At 10 steps the long text RTF drops from 3.97 to 1.98, almost halved. I listened to the outputs at each step count. 10 steps sounds noticeably less refined than 30, the prosody is a bit flat and there’s subtle metallic artifact on certain consonants, but the words are clear and the emotional direction from the prompt still comes through. For batch generation or draft previews, 10-15 steps is very usable.

#Optimization: torch.compile

torch.compile with mode="reduce-overhead" on the velocity model gives a clean 22-24% speedup on the denoising loop, consistent across all sequence lengths:

ConfigShort RTFMedium RTFLong RTFLong Denoise
10 steps3.232.221.9835.0s
10 steps + compile2.891.971.7526.7s

Per-step latency drops from 0.88s to 0.68s for short text, and 3.50s to 2.67s for long. The compilation warmup happens during the first generation (absorbed into the MIOpen warmup pass that’s already required), so the effective cost is zero if you’re doing multiple generations.

RTF 1.75 for long text means DramaBox now takes 1.75 seconds to generate 1 second of audio. That’s a 2.3x improvement over the 30-step baseline of 3.97.

#Optimization: Hybrid GPU/CPU Decode (Didn’t Help)

I tested the hybrid strategy that worked well for Echo-TTS, keeping the DiT on GPU for denoising but moving the audio decoder to CPU (fp32) to avoid MIOpen workspace pressure. Results at 10 steps:

ConfigShort RTFMedium RTFLong RTF
GPU decode (fp16)3.232.221.98
CPU decode (fp32)3.002.592.51

CPU decode is marginally faster for short text (3.8s vs 4.8s) but significantly slower for medium and long (17.5s vs 12.3s, 48.8s vs 30.4s). Unlike Echo-TTS’s S1-DAC autoencoder, which crashes on GPU entirely, DramaBox’s vocoder runs fine on the Radeon 8060S in fp16. The GPU’s parallelism wins on the larger sequences.

#Where DramaBox Fits

With the optimizations applied, here’s the updated comparison across all TTS models I’ve benchmarked on this machine:

ModelConfigRTFNotes
Echo-TTSCPU optimized, 10 steps, long0.38Fastest overall
Echo-TTSGPU hybrid fp16, 10 steps, long0.52ROCm container
OmniVoice8 steps, voice design, CPU0.56Simplest setup
VoxCPM.cppVoxCPM1.5 Q8_0, CPU1.23GGUF quantized
OmniVoice8 steps, voice clone, CPU1.52With reference audio
DramaBox10 steps + compile, long1.75Most expressive
DramaBox30 steps baseline, long4.0Default config

DramaBox is still the slowest, but RTF 1.75 puts it much closer to practical territory than the initial 4.0. It’s doing fundamentally more than the others, a 3.3B parameter model with explicit emotional control through prompting (laughs, sighs, pauses, tone shifts), things none of the other models support. On NVIDIA hardware (H100), Resemble claims ~2.5 seconds per generation, which would put it solidly under real-time.
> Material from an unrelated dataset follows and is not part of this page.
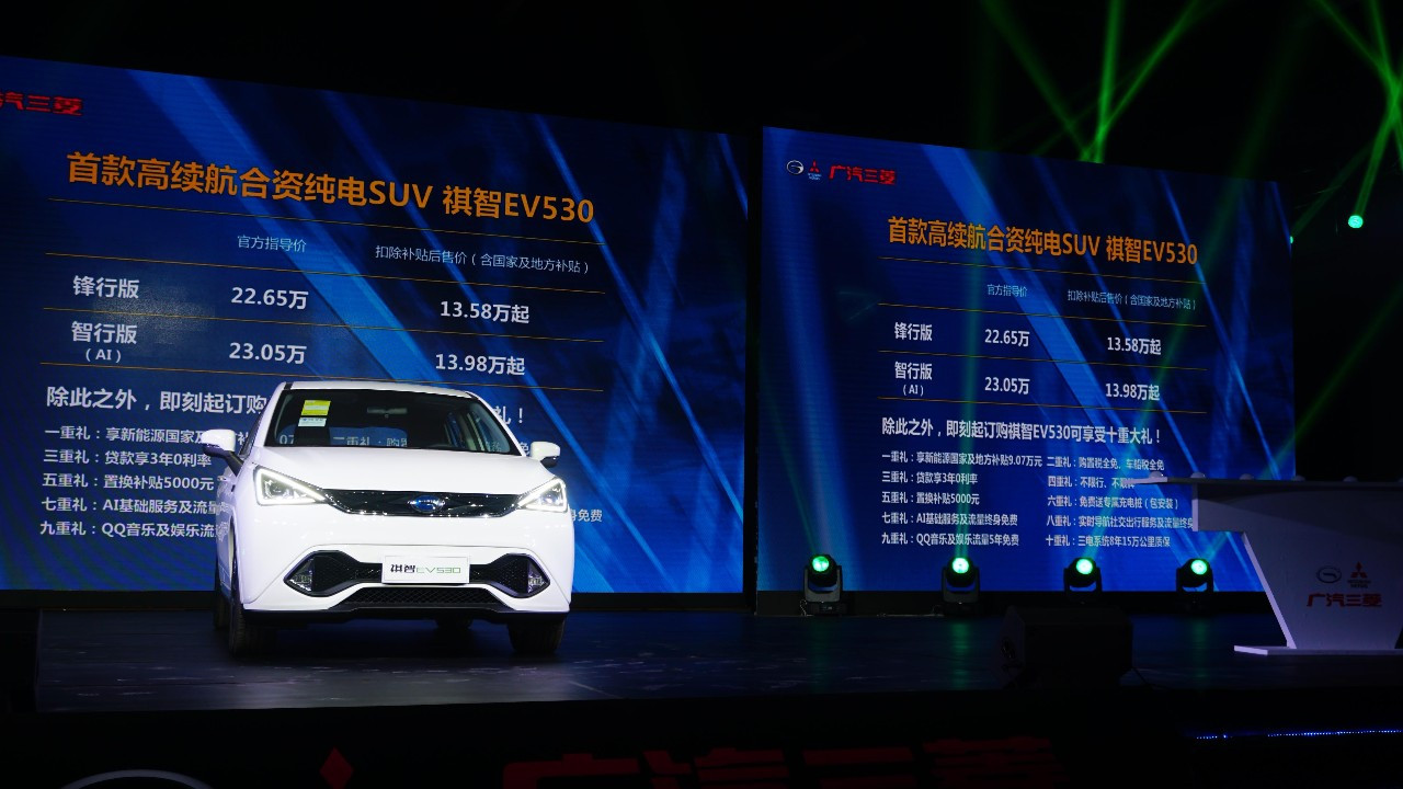 10月13日,廣汽三菱首款純電動SUV車型——祺智EV530正式上市。祺智EV530定位為一臺純電動小型SUV,將推出鋒行版和智行版共推出2款車型,官方指導價為22.65萬元和23.05萬元,補貼后售價為13.58萬元和13.98萬元。

The optimization stack is additive: reduced steps gives ~2x, torch.compile adds another ~1.2x on top. Together they turn a 141-second generation into a 62-second one for 35 seconds of audio.

#Practical Notes

A few things worth flagging if you try this yourself:

bitsandbytes versioning is a mess. The preview wheel filename says 1.33.7.preview but the installed package reports version 0.50.0.dev0. uv will complain about the mismatch unless you set UV_SKIP_WHEEL_FILENAME_CHECK=1. This is the same across the bitsandbytes continuous-release builds.
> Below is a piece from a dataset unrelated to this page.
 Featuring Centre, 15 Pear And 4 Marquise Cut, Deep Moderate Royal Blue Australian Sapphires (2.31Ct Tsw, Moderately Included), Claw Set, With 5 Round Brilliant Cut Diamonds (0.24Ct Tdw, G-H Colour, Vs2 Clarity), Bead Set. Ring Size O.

The kernels package conflicts with huggingface_hub<1.0. DramaBox pins huggingface_hub below 1.0, but the kernels package (which bitsandbytes tries to use for optimized CPU 4-bit forward) requires newer huggingface_hub internals. Don’t install it, bitsandbytes works fine without it.

fp16 works, bf16 untested on the full model. Basic bf16 matmul passes on the TheRock nightlies, which is an improvement over older ROCm versions where bf16 caused hard GPU hangs. But I didn’t test full DramaBox inference in bf16. Given Echo-TTS’s experience with bf16 on gfx1151, fp16 is the safe choice.
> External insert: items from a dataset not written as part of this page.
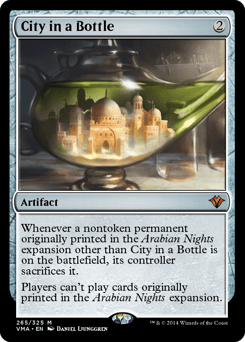 Whenever one or more other nontoken permanents with a name originally printed in the Arabian Nights expansion are on the battlefield, their controllers sacrifice them. Players can't cast spells or play lands with a name originally printed in the Arabian Nights expansion.
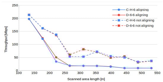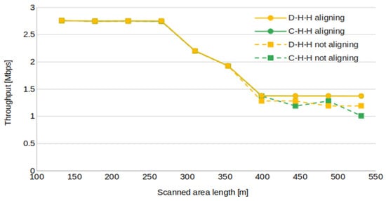 The results may seem counterintuitive, since the alignment of UAVs provides homogeneous distances, avoiding excessively long links, causing a bottleneck in the path. Note, however, that all links, except the last one, are, by design, as long as the minimum video transmission can afford, reducing the total capacity of the mesh. Without alignment, the relay positions are determined hop by hop, finding the closest node to the GCS inside the video transmission range of the last found hop. This results in a mesh composed of links whose distances are, at most, the maximum range of video transmission, but, in most cases, several tens of meters shorter. In dynamic scenarios, throughput results are primarily influenced by the capacity requirements and, therefore, do not warrant in-depth analysis.
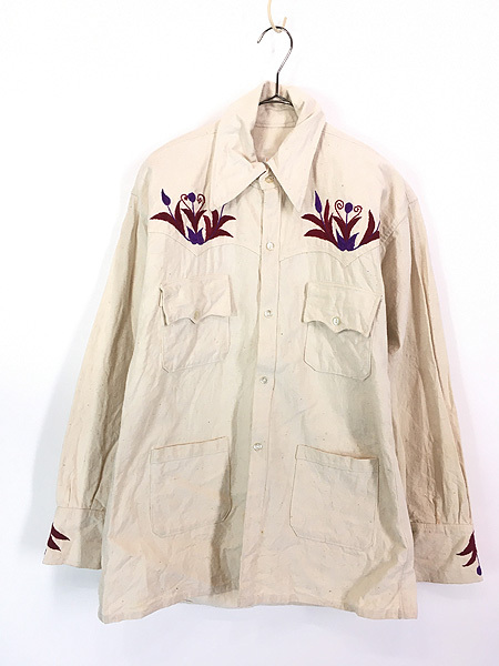 > 古着 70s エクアドル製 LAMA LINE 花 フラワー 4ポケット ボックス コットン ハンドメイド シャツ ジャケット XL位

Model downloads total ~16.5 GB. The auto-downloader in src/model_downloader.py handles everything, but budget for the disk space.

torch.compile warmup overlaps with MIOpen warmup. The first generation is already slow due to MIOpen kernel discovery. torch.compile’s graph compilation happens during that same warmup pass, so it doesn’t add a separate penalty. After warmup, every run benefits from the compiled graph.